Of course, we’ve also been spending tons of hours seeding and transplanting.
We now have over 3 acres planted, and have already started turning in our first few succession plantings of salad mix ingredients, turnips, and radishes.
Lastly, a quick update about our bed shaper – it’s awesome and has saved us countless hours so far. Not only do we get a tilled and marked bed in one pass, but the increased uniformity of our beds has made cultivation way easier. If anyone out there is interested in having Gary build you one, I recommend giving him a call – 206-900-9362. He hasn’t figured out a price yet, but my guess is that it’ll be somewhere in the $1000 range.
I had a few requests to post more pictures. So here they are:
Well, that’s probably all we have time for today. There are still thousands of little plants in the greenhouse asking to be transplanted, and millions of weeds in the field needing to be attended to… Happy spring!

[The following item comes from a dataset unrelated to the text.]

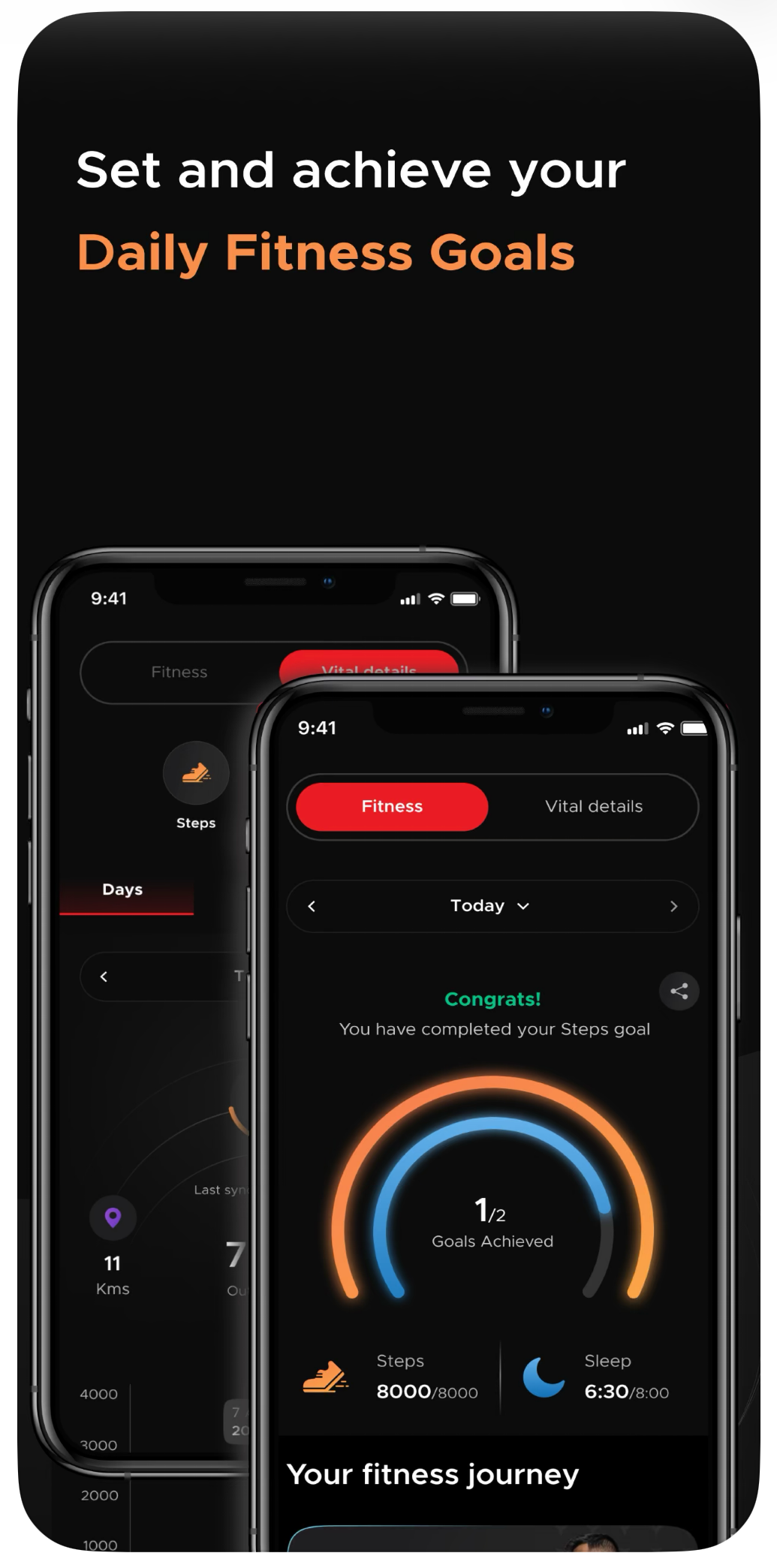 Track your Steps, Distance and Calories burnt along with support for multiple activities like Running, Cycling, Walking, Yoga, and many more.

So lovely to follow you in the planting season. Here, in Lakebay, we’ve arrived home after a month in France (gone again). The soaker hoses, plus the rain, resulted in a jungle of a garden. But I’ve done too much using the maddock, so now am recovering from a back sprain. Quel domage! Still, it’s all so beautiful. Lush, green, full of promise. We’re growing many lettuces on our deck, in pots, as well as in the vegy garden. So impressed by life in France: the pace, the bountiful, beautiful, organic produce, cheese, bread…everything. They revere food, and you can tell in the taste. Loved baby in the fields!
Bon chance
Judi and Rick
Hey farmers,
Great posts! Vicariously from Viet Nam.
What is your irrigation system like? Do you have a water wheel and just use overhead? I don’t see any drip in your photos.
We use drip irrigation. We have relatively short beds – 130′ – so it’s easy to move drip tape from one bed to another. That and a wet spring means we haven’t had to irrigate much. No water wheel, but we do use a Hatfield transplanter from Johnny’s when the soil allows.